In der Lokalzeitung wurde heftig diskutiert, dass man die Veranstaltung doch verhindern müsse. Ein Redakteur schrieb, als die Veranstaltung abgesagt war, wie schön er es gefunden hätte, wenn während der Veranstaltung eine Menschenkette auf der Brücke in der Nähe der Anlegestelle gestanden wäre.

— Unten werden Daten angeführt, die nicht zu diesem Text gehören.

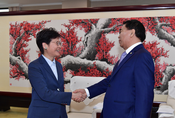 行政長官林鄭月娥(左)今年7月27日在北京與中科院院長白春禮(右)會面。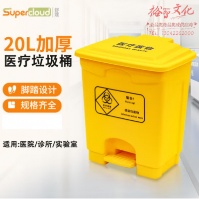 舒蔻(Supercloud) 加厚医疗垃圾桶脚踏款20L 医院诊所实验室专用加厚废物黄色污物桶商用带盖SKU:yzwhyp808421

Nun halte ich Händchenhalten aber nicht für eine politische Argumentation. Dass andere, und nicht wenige gegen die AfD sind, wird keinen Sympathisanten überzeugen. Warum geht man nicht hin und hält argumentativ dagegen? Ich halte den Umgang der anderen Parteien mit AfD für falsch. Es reicht nicht, zu sagen, die sind rechts und böse. Man muss aufzeigen, wo ihre Konzepte dumm, falsch und nicht zielführend sind. Das ist mühsam. Aber diese Mühe darf man halt nicht scheuen.

Was erwartet einen bei einer solchen Veranstaltung? Will man sich das antun?

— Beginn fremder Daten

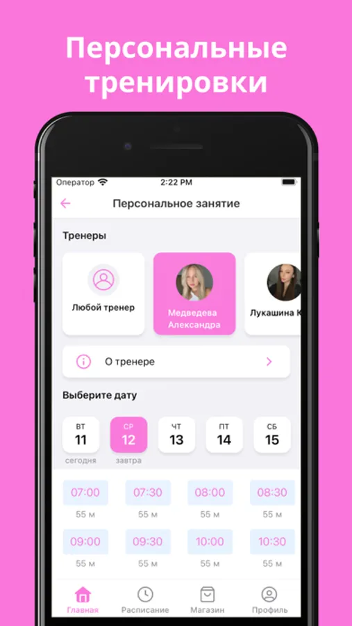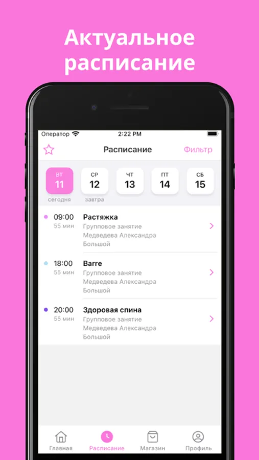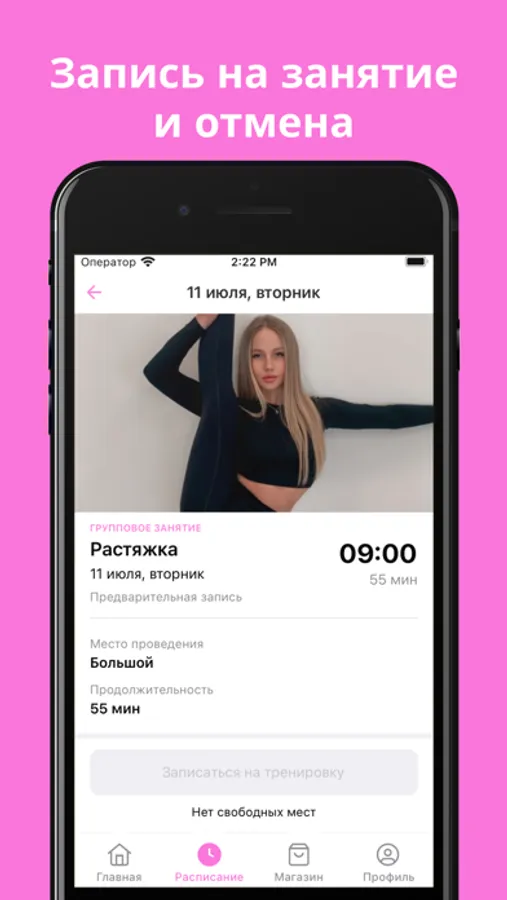 Записывайся на занятия, узнавай о новых тренировках и акциях студии через приложение.

Wird man vielleicht auf dem Weg dahin ausgebuht werden von Gegendemonstranten? Wird man einem Securitycheck unterzogen? Wird man viel Propaganda anhören müssen, darunter auch manches Grundfalsche oder auch glatte Lügen?

Nun vom Äußeren her war es sehr unspektakulär. Durch die Verlegung gab es keine Gegendemonstranten, keine Einlasskontrollen. Es war eher wie der Besuch einer etwas überalterten Vereinsversammlung. Natürlich wurde von den anwesenden Bundestagsabgeordneten Parteifolklore und siegestrunkene Zukunftshoffnung verbreitet. Erwartungsgemäß wurden sehr einfache Konzepte angeboten, und dargebotene Zahlen enthielten nur die Seite, die AfD Positionen stützen. Natürlich waren wir mit unseren Meinungen in einer Minderheit. Das kann man aber schon mal aushalten.

Durch die kritischen Fragen, die wir stellten, wurde den Anwesenden durchaus klar, dass hier nicht alle einer Meinung sind und dass es nicht nur Gegendemonstranten, sondern auch Gegenargumente gibt. Und auch das gab es: Ein Teilnehmer bedankte sich ausdrücklich bei denen, die andere Meinungen haben und trotzdem gekommen sind.

Was bleibt? Das Wissen, wie wir bei einem eventuellen weiteren Termin besser vorbereitet, die Schwachstellen des AfD Programms besser aufzeigen können.

Und auch der Gedanke: Gibt es von den anderen Parteien ähnliche Veranstaltungen? Wir würden glatt teilnehmen. Bei einer ersten Suche im Internet war da nichts zu finden. Schade.

Eine Einzelerfahrung beim Bürgerdialog beschreibe ich im nächsten Blogbeitrag.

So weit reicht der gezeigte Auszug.